Blank Mind

Blank Mind

I haven’t ridden my bike (or any bike) in a while, which is why I haven’t written any of these pieces in a bit. My hiatus from riding is partially because I was living in Puerto Rico for two months and didn’t bring my bike, but also because there’s been a gas leak that I can’t figure out, and I’ve neglected taking it in to get it looked at. 

One of the things I have been doing a lot of recently, however, is writing. In particular, I’ve been writing a novel. The concept is something I won’t get into here, though I may publish chapters of it on this website at a later date, but it’s been a long-running project for me. This is something I’ve been developing (albeit intermittently) for around three years now. 

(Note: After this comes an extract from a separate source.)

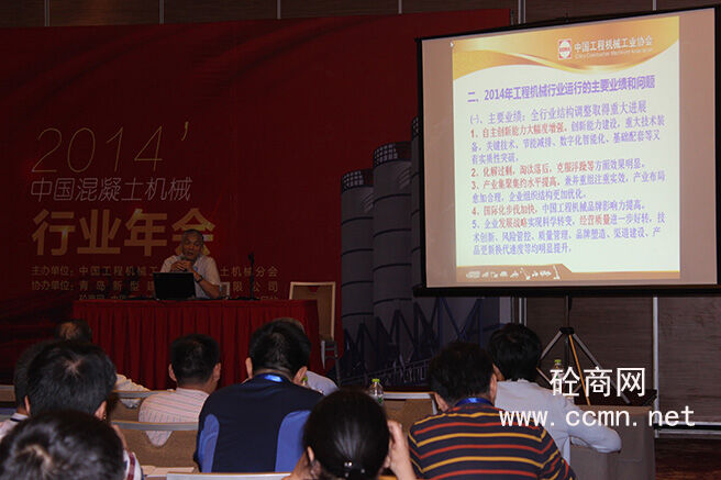 2014年工程協會混凝土機械分會年會在山東省青島市召開,來自行業協會、各大混凝土機械主機廠、配套件企業、大專院校和行業媒體等各界人士出席會議,中國工程機械工業協會會長祁俊主持會議。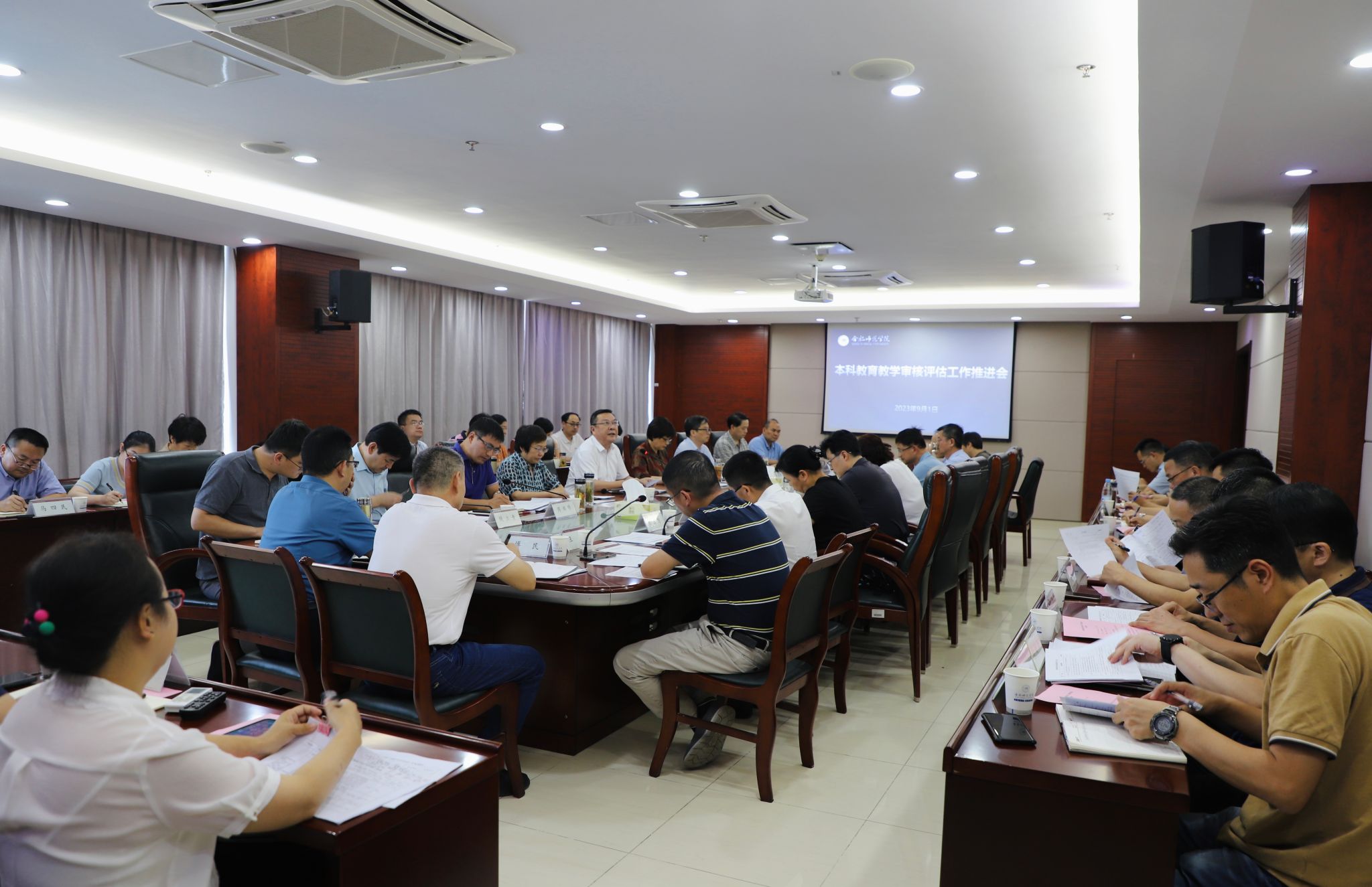 本网讯 9月1日,学院在锦绣校区行知楼2008会议室召开本科教育教学审核评估工作推进会。党委书记徐成钢作指导讲话,党委副书记、院长方东玲作总结发言,党委副书记梁立昌,党委委员、副院长华银峰出席会议,党委委员、副院长周端明主持会议并部署下一阶段重点任务。各专项工作组副组长及成员单位主要负责人,各二级学院党政主要负责人,教务处相关人员,评建办工作人员等60余人参加会议。

In working on this, one of the things I’ve found most difficult is getting in the right headspace to write. Once I’m settled down, actually writing, the stuff comes out fairly easily, but I work 9-5 (sometimes more like 7-6), and even though writing of some shape or form is what I’m doing all the time, it’s hard to take time during the day to reset your brain. It’s not easy to switch from writing marketing copy, emails, news, sponsored articles, or blogs to writing creatively, crafting a story from scratch.

This difficulty got me thinking about one of my favorite things about riding, “the blank mind.” People talk about wind therapy a lot, but you don’t hear about “the blank mind” as much. Maybe that’s because I made the term up. I don’t know.

Anyways, the blank mind is the mind I feel I have when riding. I love it so much because it’s an experience similar to mindfulness meditation, without any discipline required. In traditional mindfulness meditation, which I’ve tried to practice off and on for years, you have to block out all your other thoughts. You have to clear your mind yourself, and often it's pretty difficult (at least for me), when you’re just sitting cross legged on the grass somewhere. My mind is constantly thinking about work or friends or family or what I’m going to make for dinner. 

The term “mindfulness,” of course, is somewhat counter-intuitive, but it means being mindful of the present, and nothing else. So thoughts about anything outside the present moment, anything outside of your breath, the way your body feels right now, anything besides that stuff, that’s all what you’re trying to avoid. So I like to think of it as “blank mind.” No thoughts outside the absolute, present moment. “The moment of now,” as Mike Libecki, who I’ve been lucky enough to interview a few times, might put it.

When you're on a motorcycle, this mindfulness is involuntary. You’re completely aware of what you’re doing, but there’s no space for thoughts about anything else. The brakes, the gears, the other drivers around you, the road, it all sits front and center. When you’re on two wheels, thinking about anything other than the present moment isn’t only irrelevant, it’s somewhat distracting and possibly dangerous.

It’s like a cleansing, a refresh, and it’s particularly beneficial for my writing. It takes me back to the core of what I’m thinking and feeling about my story, and I avoid the contrivances that sometimes pour out when I try to switch to writing my novel after a day of writing marketing copy.

This mindfulness, on the back of a bike, it’s a similar sensation to the one I get whenever I’m in the mountains, or anywhere for that matter, and something happens that puts me on edge, when I slip and arrest the fall, or there’s rockfall nearby, for example. This run up to the edge, then a slow recline back from said edge. It’s cathartic. The world seems clearer, sharper, more in focus. 

Unlike in the mountains, however, on a motorcycle, this feeling is sustained. I imagine it’s something similar, granted on much a smaller scale, to free solo climbing, where there is no rope or safety measure in place. This feeling of being in complete control, the realization that complete focus is necessary to prevent mishap, it has its benefits.

I’ve done hundreds of meditation sessions by myself, listened to dozens of meditation tapes and podcasts, visited Buddhist monasteries and temples, even. But in my lifetime, I haven’t found any better way to generate mindfulness than simply being on the back of a motorcycle.